Anti-apartheid activists of the era saw the publication of such employment ads as evidence of the New York Times' complicity with South African apartheid and pointed to the paper's hypocrisy in running such ads while editorializing against South Africa's white supremacist regime. What's more, they complained, the ads violated New York City's broad Human Rights Law that, as part of its prohibition on employment discrimination, targeted job ads within the city that "directly or indirectly" discriminated on the basis of race. (7) This Article examines how the activists' statutory challenge to these ads precipitated a constitutional struggle in a municipal agency: how anti-apartheid activists worked with the New York City Commission on Human Rights (CCHR) to build a statutory case against the New York Times, how the Times defended itself with constitutional arguments about the CCHR's limited powers, how the CCHR asserted its own broad constitutional authority to regulate, and how New York courts ultimately balanced these statutory and constitutional arguments.

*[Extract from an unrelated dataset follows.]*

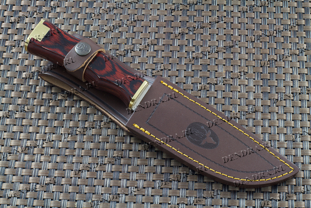Нож "RANGER" с фикс клинком длиной 13 см, рукоять красная микарта, ножны кожа

This case study builds on existing scholarship on administrative constitutionalism, kicked off almost a decade ago by Sophia Z. Lee's work on economic regulatory agencies and the Fourteenth Amendment. Lee defines administrative constitutionalism as "regulatory agencies' interpretation and implementation of constitutional law"; others have since defined the term to encompass a wider variety of administrative behavior and statutory construction. (8) Taken broadly, this scholarship asks us to take administrators seriously as constitutional actors, and to tease out the mix of constitutional and statutory interpretation, and of legal, intellectual, and political motives involved in administrative decisionmaking. (9)

This article builds on and complicates this scholarship in several ways. First, as Bertrall Ross notes, administrative constitutionalism differs from regular (read: judicial) constitutionalism at least in part because of the way political pressures and outside groups are built into the administrative state. (10) And as Karen Tani points out, we need more work on the granular details of administrative constitutionalism and on the stakes involved. (11) This particular case study of anti-apartheid activism at a municipal commission describes the winners and losers in a fight over racial discrimination and demonstrates how the municipal commission context, and the presence of external groups, mattered. Here agency officials worked with anti-apartheid groups and their lawyers to coordinate legal and constitutional strategies. Activists drew on the CCHR's enforcement authority while the always under-resourced CCHR likely benefited from the lawyering help.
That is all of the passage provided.